Симонетта была потрясена до глубины души.

— Неужели ты, синьор, называешь терпимым отношением то, что испытал здесь?! — воскликнула она. — Ведь даже я сама… — она не договорила.

— Слова? — На устах Манодораты мелькнула тонкая усмешка. — Оскорбления? Плевки невежественных людей? Милая синьора, подобные вещи не способны по-настоящему ранить. Для таких, как я, терпимое отношение — это когда ты можешь прожить день без побоев и сломанных костей. Когда ты возвращаешься домой и дом твой цел, а не объят пламенем. Когда ты видишь, что собственность твоя цела, а не украдена, что твоя жена и дети могут спокойно пройти по улицам и их никто не оскорбит и не изнасилует. Да, я считаю, что в Саронно к нам относились вполне терпимо. До того дня, пока злой ветер не принес сюда этого кардинала, который снова встал на моем пути.

— Как? — Симонетта сдвинула брови. — Неужели он все еще здесь?

— Не он, — коротко усмехнулся Манодората. — Он вернулся в свой миланский дворец, к роскошной и покойной жизни, но вонючий след после себя оставил. Занимаясь поисками твоего друга, он выяснил, где мы живем и чем занимаемся, а также убедился, что немало евреев живет и работает в его епархии. Не сомневаюсь, он не даст нам здесь надолго задержаться.

Симонетта молчала. Похоже, теперь они оба стали изгоями. Она хорошо помнила, как смеялись над ней жители города, когда на прошлой неделе она бежала, точно слепая, по улицам, а один или двое даже плюнули ей под ноги. До сих пор она просто не могла понять, что каждый день приходится терпеть Манодорате, теперь ей многое стало ясно.

— В общем, я пришел, чтобы сказать тебе все это, синьора, — прервал ее размышления Манодората. — И если ты решишь остаться здесь, мы бы успели кое-что предпринять, дабы тебя обезопасить. Ибо я, возможно, вскоре уже не смогу помогать тебе.

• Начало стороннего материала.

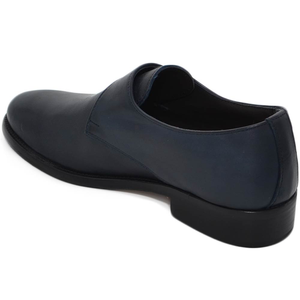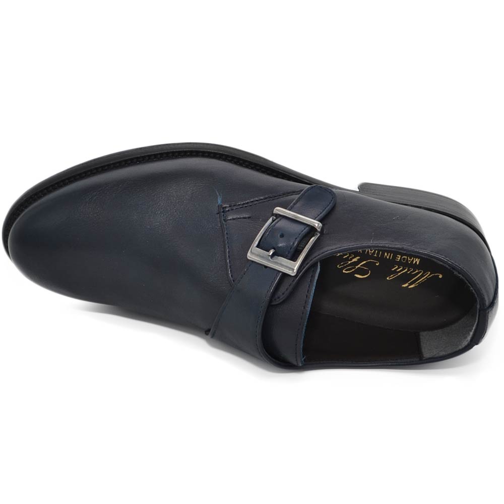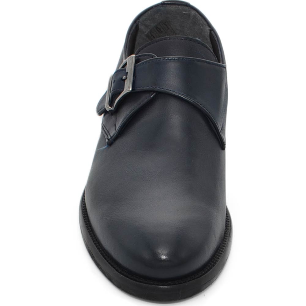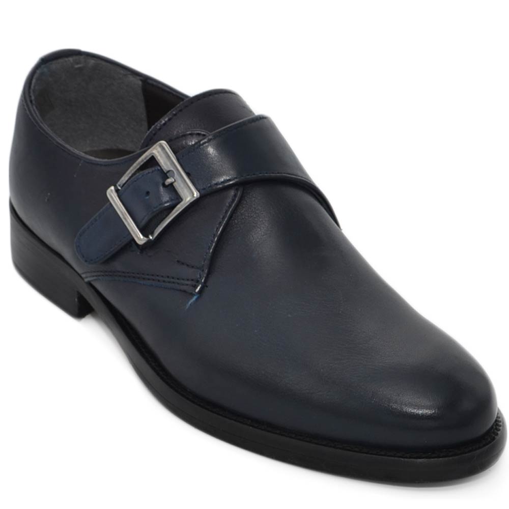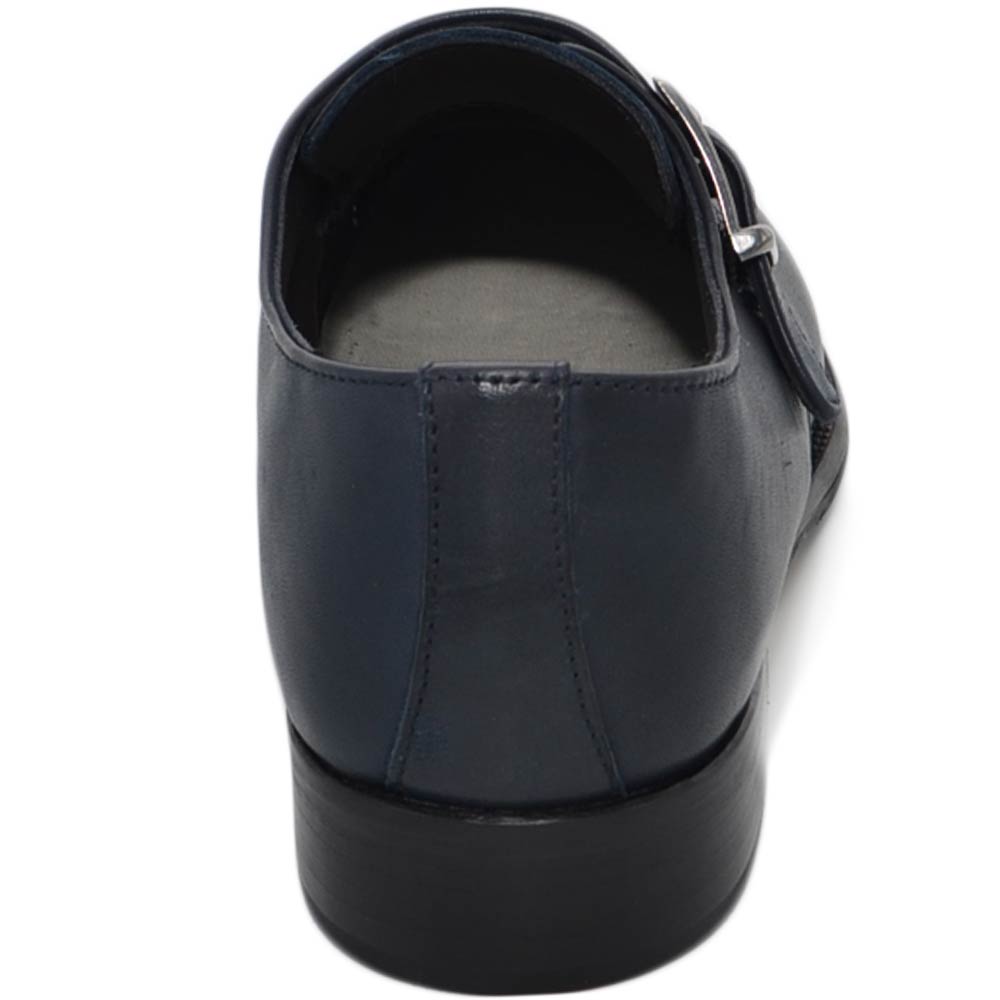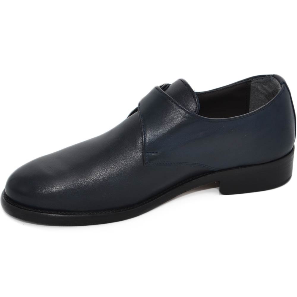 Scarpe uomo con fibbia eleganti vera pelle blu opaca suola cuoio con antiscivolo handmade in italy fibbia argento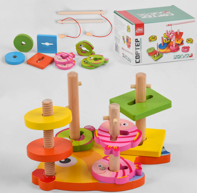 Розвиваюча дерев'яна логічна іграшка Fun Game пірамідка, геометричні фігури, магнітна рибалка, Геометричний сортер Монтессор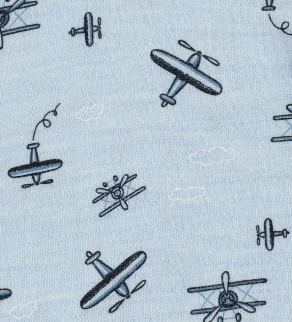 Charmerende Joha babyhjelm i en lyseblå nuance. Joha babyhjelmen er dekoreret med et fint print af små flyvemaskiner i mørkere blå toner, hvilket giver en legende detalje. Babyhjelmen har en rund facon med en kant af blød rib i en dybere blå nuance langs åbningen. Den lukkes med bindebånd, som giver mulighed for en justerbar pasform.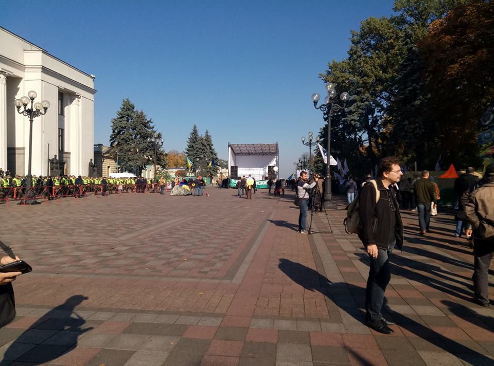 15:40  Под Радой началось оживление. Активисты прибывают и окружают парламент. Нацгвардия надела шлемы.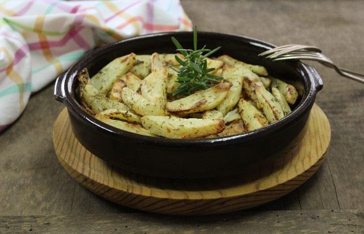Tendremos que pelar y cortar las patatas en gajos. Luego, se aliñan con aceite, vino blanco, hierbas provenzales.... Se colocan en la bandeja del horno y se asan hasta que estén tiernas.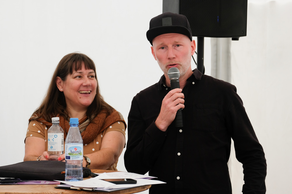 Eine dauerhafte Koordinationsstelle und transparente Richtlinien – vor allem über die Forderungen zwei und drei wird heute gesprochen. Auf dem Podium berichtet Fabian Schmitt von den Anfängen des Liveszene-Netzwerkes: In den Corona-Jahren suchte er als Mitorganisator des Skandaløs-Festivals für Musik und Utopie im nordfriesischen Neukirchen den Kontakt zu anderen Festivals im Land. Aus den anfänglichen Rundmails wurden bald Videokonferenzen, durch die damalige Pop-Referentin des Landesmusikrats Nina Graf kam der Impuls, den Kreis von Festivals auf die gesamte Liveszene zu erweitern. Koordination und Organisation des wachsenden Netzwerkes wurde schließlich von der Pop-Referentenstelle übernommen und so verstetigt. Im Januar übernahm der Musiker Ingo Hassenstein den Posten von Nina Graf. „Erstaunlich, wie viel eine Person erreichen kann, die sich nicht auch noch um ihr alltägliches Veranstaltergeschäft kümmern muss. Das ist unglaublich wichtig für die Liveszene“, sagt Schmitt über das bisher erreichte.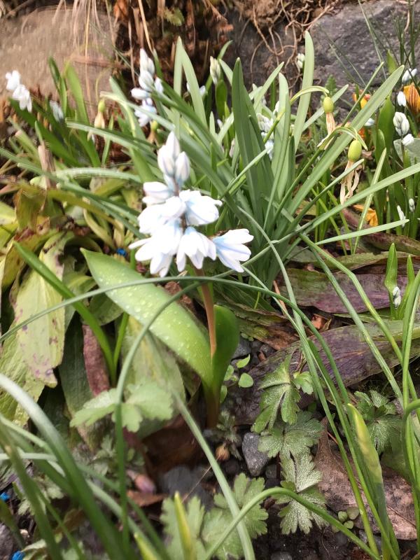 In meinem Steingarten beginnen jetzt die Puschkinien zu blühen, im weiteren Sinne vielleicht auch ein Blausternchen. Ich habe vor einigen Jahren einige wenige Zwiebeln in den Steingarten gepflanzt. Die Pflanze soll ja aus Gebirgen stammen. Inzwischen habe ich es bereut. Die Ausbreitung ist durch Sämlinge doch sehr stark.

— Неужели… Не хочешь же ты сказать, что Гонсалес станет тебе вредить?

Манодората, разумеется, именно это и имел в виду, но все же попытался ободрить Симонетту:

— Разумеется, нет. Он же не знает, что здесь живу именно я. Скорее всего, он попытается отнять собственность у моих соотечественников, евреев, или же помешать нам заниматься здесь торговлей. Итак, — в голосе Манодораты зазвучали деловые нотки, — наш разговор завершил полный круг. Скажи, ты намерена здесь остаться?

Симонетта, точно завороженная, не сводила глаз с миндального орешка в руках Манодораты. Этот орех, казалось, воплощал для нее все семейство Лоренцо, ставшее и ее собственным, всю ту жизнь, которая некогда была такой счастливой здесь, на вилле Кастелло.

— Да, — сказала она, и следующие ее слова прозвучали как эхо того, что она говорила ему год назад: — Мне больше некуда идти. И ты, синьор, лучше кого бы то ни было знаешь, на что способен человек, чтобы сохранить свой родной дом.

— Хорошо, — понимающе кивнул Манодората. — Тогда завтра я пришлю сюда целую толпу работников-евреев, которые принесут с собой топоры и вырубят все эти миндальные рощи. А землю мы возделаем и превратим в плодородные поля. Я знаю арабские приемы возделывания почвы, а также знаком с севооборотом, и мы, поочередно сменяя те или иные культуры, сделаем так, что все поля каждый год будут давать приличный урожай.

Симонетта молча кивнула, и Манодората, зашвырнув орех куда-то в темноту, встал и собрался уходить.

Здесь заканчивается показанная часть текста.